Prior to the 1990s, pain was largely a neglected issue in patient care. Opioids, if prescribed, were mainly for short-term pain relief or for end-of-life therapy. In 1995, the American Pain Society promoted the concept of pain being a “fifth vital sign”, calling for more aggressive use of opioids for pain management. In that same year OxyContin (manufactured by Purdue Pharma) received FDA approval, and a perfect storm was created.

The ongoing “opioid crisis”, that has since plagued North America in particular, refers to the widespread medicinal and non-medicinal use of opioids - a class of drugs that includes heroin, fentanyl, and prescription pain relievers such as oxycodone and morphine. The crisis has been characterized by high rates of opioid use disorder (OUD), overdose deaths, and associated social and economic problems. Although difficult to estimate, over 16 million people worldwide are thought to be affected by OUD [1], and 2-4% of the population in the United States [2]. Over 100,000 fatal opioid overdoes occur annually worldwide [3].

The financial costs of the opioid crisis are no less staggering. The annual costs associated with OUD and fatal opioid overdoses in the United States are estimated to be over $1 trillion [4, 5]. In Israel, the mean monthly healthcare costs for adults with OUD is more than five times higher than persons without OUD, and much of these costs are associated with prescription opioids [6].

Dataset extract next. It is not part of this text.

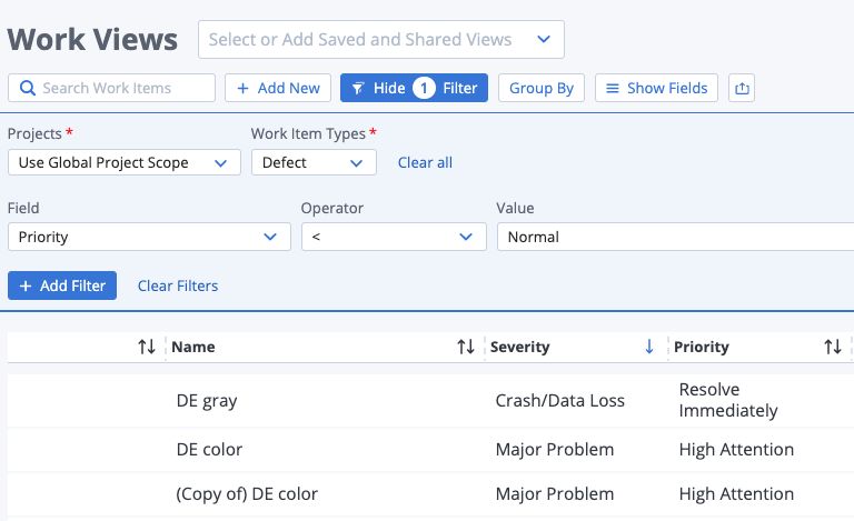 However when a filter is applied to defects where 'Priority < Normal' the following is the result;

Paramount among the many and interacting factors contributing to the crisis, predominantly in the early years, was over-prescription of opioids for pain management due to misconception of safety of chronic opioid therapy and incentives for increasing volume of prescribed patients. Oxycontin sales, for example, increased in the United States from 300,000 prescriptions in 1996 to 6 million in 2001 [7]. Other key contributors include hospital discharge practices that resulted in patients using medications longer than necessary, and insufficient access to addiction treatment and to non-opioid pain treatment [8,9,10]. In the EU, only about half of high-risk opioid users receive opioid agonist treatment [11], and the treatment gap is even greater in the United States [12].

In Israel, as in many other countries, opioids, including oxycodone, morphine, and fentanyl, are commonly prescribed for pain management, particularly for chronic pain and cancer-related pain. Likewise, as in other countries, there is growing concern in Israel about the misuse of prescription opioids and the subsequent risk of OUD. Several reports, including some recently published in this journal, point to a steep and steady increase in Israel since 2000 in prescription opioid use – in terms of dosages and the number of patients using opioids [9, 13,14,15,16,17,18,19]. Much of this increase has been fueled by a rise in fentanyl and oxycodone consumption. The steepest increases were seen in low socio-economic groups, immigrant groups, and in the periphery of the country, which is generally more disadvantaged than the non-periphery [6, 19].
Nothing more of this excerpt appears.